Суровые, неукоснительно репрессивные законы множились с горячечным пылом. Бум! — о рецидивистах, такой же жесткий, как в Калифорнии. Бам! — о недопустимости досрочных освобождений при серьезных правонарушениях. Бом! — о плохо или медленно действующих судах. Бэм! — о малолетних преступниках из предместий, чье совершеннолетие должно наступать скорее, чем у прочих смертных, Пам! — о полицейских, не обеспечивающих достаточного количества приводов. Памм! — о чересчур толерантных родителях. Бамм! — об умалишенных, коих бросили в психушку, а не в тюрьму к нормальным, каковые, впрочем, сами норовили сойти с ума… «Ну, а жертвы? — восклицала баронесса, вторя Его Величеству. — Ведь им, жертвам, нужен процесс…» [2] В книге отсутствуют закрывающие кавычки.
Пусть даже над сбрендившим, им надо, чтобы псих с пеной на губах сидел в клетке на скамье подсудимых, а судья чтоб его допрашивал, даже если тот ничего не сечет: ни про что спрашивают, ни почему он здесь сидит, — ведь псих этот уже забыл ту машинисточку, которую распилил на кусочки вблизи плохо освещенного канала. Конечно, нашлись злокозненные умы, объявившие, что мы возвращаемся в Средневековье с его судами над животными, с законами, гласящими, что индюка, ущипнувшего вас за ляжку, следует тотчас представить на судилище и приговорить к казни — на площади и прилюдно, — заключающейся в ощипывании (дабы укротить гордость!), а затем в опущении заживо в кипяток с последующим добавлением пряностей. Другие ущербные умы, еще более зловредные, добавляли, что для применения нового законоуложения потребуются ресурсы, прежде всего финансовые, а потом и людские.
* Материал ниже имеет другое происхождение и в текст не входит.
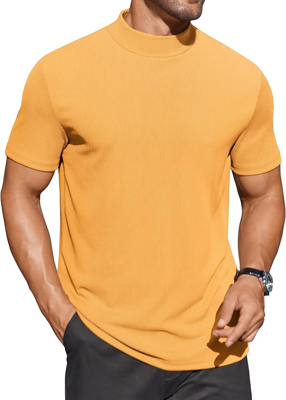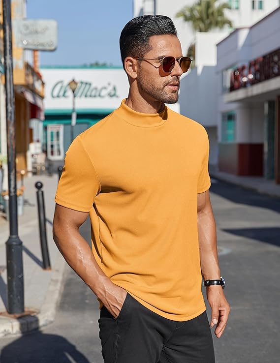【STYLISH DESIGN】Men’s mock neck shirt features with half turtleneck design, short sleeve. Solid color basic casual t-shirt is fashionable and versatile, and is a great addition to any wardrobe.
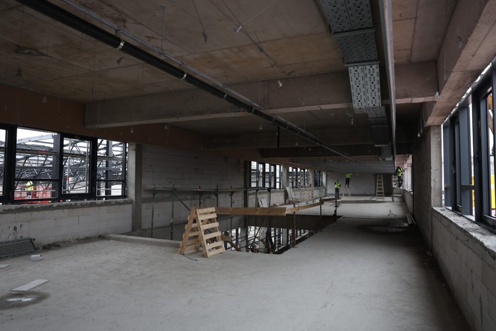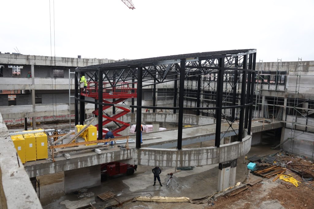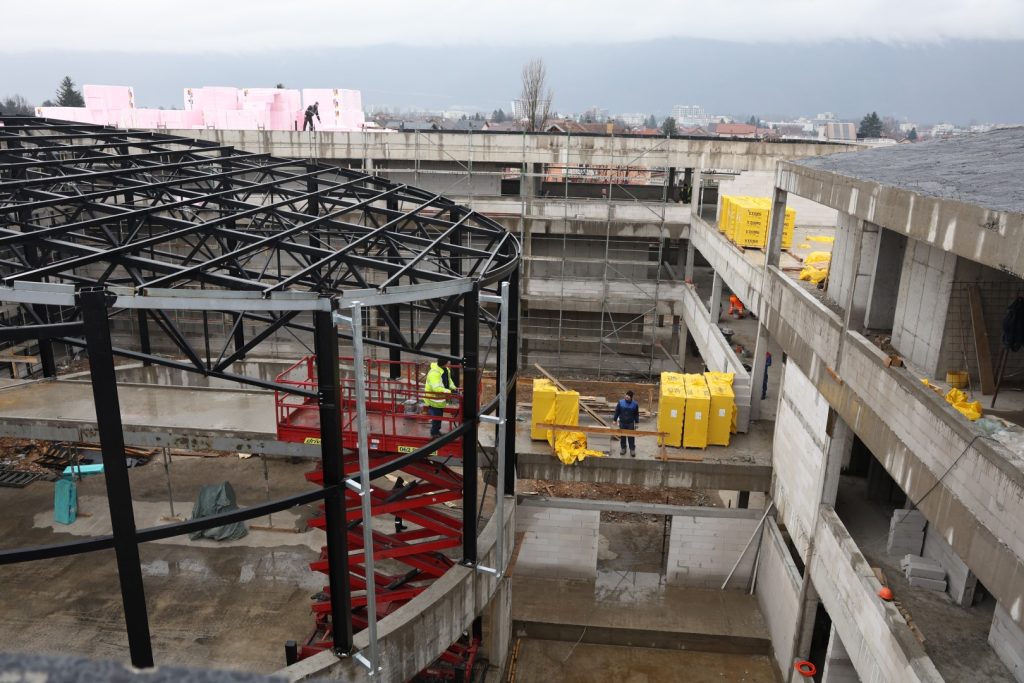 U toku je montaža čelične konstrukcije sportske dvorane, čime objekat dobija svoje jasne arhitektonske obrise. Istovremeno se unutar objekta izvode intenzivni zidarski radovi, kao i postavljanje podova, pregrada i plafona. Ugrađuje se i savremena aluminijska fasada koja će, pored estetske vrijednosti, osigurati visoke standarde energetske efikasnosti i dugotrajnosti objekta.

С девяти утра до двенадцати ночи баронесса д’Ати в своем дворце, откуда можно созерцать позолоченного Наполеона, венчающего Вандомскую колонну, предавалась трудам, загоняя свой персонал до полусмерти; то один, то другой чиновник падал у нее под седлом — это были скакуны, закаленные в битвах, но даже их безжалостней пули разили ее несправедливо едкие замечания, преувеличенная торопливость, зычные приказные окрики, по сути не слишком обоснованные, — от подобного обхождения всем становилось не по себе. Некоторые оставляли службу, где ранее ценился их профессионализм, и уходили, бурча двусмысленные комплименты: «Баронесса? Слишком чувствительна в отношении к своим обязанностям, отсюда проистекает лишь слезная сырость», «Она на все дела взирает исключительно с высоты птичьего полета, не снисходя до деталей» или: «Ее интересует одно: какое впечатление она производит» — заметим, что именно в этом последнем пункте она более всего приближалась к Его Широковитринному Величеству. Принимала ли она судейских, чтобы, по ее словам, «обменяться мнениями», разговор шел под телекамерами, запечатлевавшими улыбки и поцелуи. А стоило погаснуть прожекторам, ее речи тотчас сводились к ней самой, к критикам, донимающим ее, к нападкам недругов… Баронесса до такой степени любила жертв, что и себя ощущала таковой.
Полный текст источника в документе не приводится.